The n-gram data sets are huge and may take from 2.4-14.3GB of SSD depending on the chosen language or their combination. Make sure you have a SSD that fits the space requirements and has at least 10% free space left. |
Details about file sizes by languages are represented in the table below.
Language | Zipped size, GB | Unzipped size, GB |
---|---|---|
English | 8.75 | 14.3 |
German | 1.58 | 3.06 |
Spanish | 1.68 | 3.03 |
French | 1.78 | 3.17 |
Dutch | 1.2 | 2.4 |
It is recommended to stop AppServer before making any changes to the AppServerX.xml file.
The default path to the AppServerX.xml file: <WebSpellChecker_Installation_Path>/AppServer/AppServerX.xml |
<!-- Path to n-gram data sets. Can be used to improve grammar quality. --> <!-- <PathToNgramData></PathToNgramData>--> |
<PathToNgramData>your_path_to_ngrams</PathToNgramData> |
For example, the path for Windows: <PathToNgramData>C:/Program Files/WebSpellChecker/AppServer/NgramData/</PathToNgramData> The path for Linux: <PathToNgramData>/opt/WSC/AppServer/NgramData/</PathToNgramData> |
<EnableNgramData>true</EnableNgramData> |
This is an example of the EnableNgramData parameter enabled for American English.
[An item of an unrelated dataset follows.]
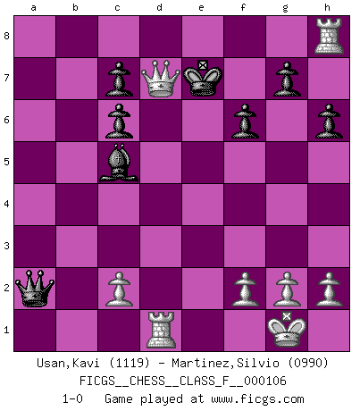 Last move : 1-0 2012 June 10 15:58:30 [Event "FICGS__CHESS__CLASS_F__000106"] [Site "FICGS"] [Date "2012.02.14"] [Round "1"] [White "Usan,Kavi"] [Black "Martinez,Silvio"] [Result "1-0"] [WhiteElo "1119"] [BlackElo "0990"] 1.e4 e5 2.Nf3 Nc6 3.d4 d5 4.exd5 Qxd5 5.Nc3 Qe6 6.d5 Qd6 7.Bb5 Bd7 8.dxc6 Bxc6 9.O-O O-O-O 10.Qe2 Ne7 11.Nxe5 f6 12.Nf7 Qc5 13.Be3 Bxb5 14.Nxb5 Qb4 15.Nxa7+ Kb8 16.Nxd8 Qxb2 17.Rab1 Qxa2 18.Nac6+ Nxc6 19.Nxc6+ Kc8 20.Qd3 bxc6 21.Qf5+ Kd8 22.Rfd1+ Bd6 23.Rb8+ Ke7 24.Rxh8 h6 25.Bc5 Bxc5 26.Qd7+ 1-0 Scotch Opening Kingside Castling by player White (move 9) Queenside Castling by player Black (move 9) Player White won this chess game. Follow this game move after move (download)The laws of Chess do not permit a free choice: you have to move whether you like it or not. (Emanuel Lasker) Moralische Siege zählen nicht. (Savielly Grigorievitsch Tartakower) Cuando me preguntan: -¿Cual es el secreto que te hace hacer mejores movidas que tus oponentes?, Yo respondo: Me da gusto que me pregunten eso, porque, como veran, hay una simple razón. Yo pienso mis propias movidas y dejo a mi oponente que el piense las suyas. (Alexander Alekhine) Les sacrifices démontrent seulement que quelqu'un a gaffé. (Savielly Tartacover) Games, world of games... There's always an opponent, and there's always a victim. (Revolver, movie)

You can find the list of language short code (used as Language Id) with the approprialte language in the Default Language guide.
<Language Id="en_US"> <Alias>en</Alias> <Alias>am</Alias> <GrammarCheckProviderOptions>en-US</GrammarCheckProviderOptions> <EnableNgramData>true</EnableNgramData> <ThesaurusEnabled>true</ThesaurusEnabled> <SpellEngineOptions> <Locale>am</Locale> <SpellCheckProvider>ssce</SpellCheckProvider> <Dictionary FullPath="ssceam2.clx"> <ForSuggest>no</ForSuggest> </Dictionary> <Dictionary FullPath="ssceam2s.clx"> <ForSuggest>yes</ForSuggest> </Dictionary> <Dictionary FullPath="sscema2.clx"/> <Dictionary FullPath="keywords.clx"/> <Dictionary FullPath="ssceam.tlx"/> </SpellEngineOptions> </Language> |
As soon as you made the nesessary actions to enable n-gram data sets in AppServerX.xml, start AppServer for the changes to take effect.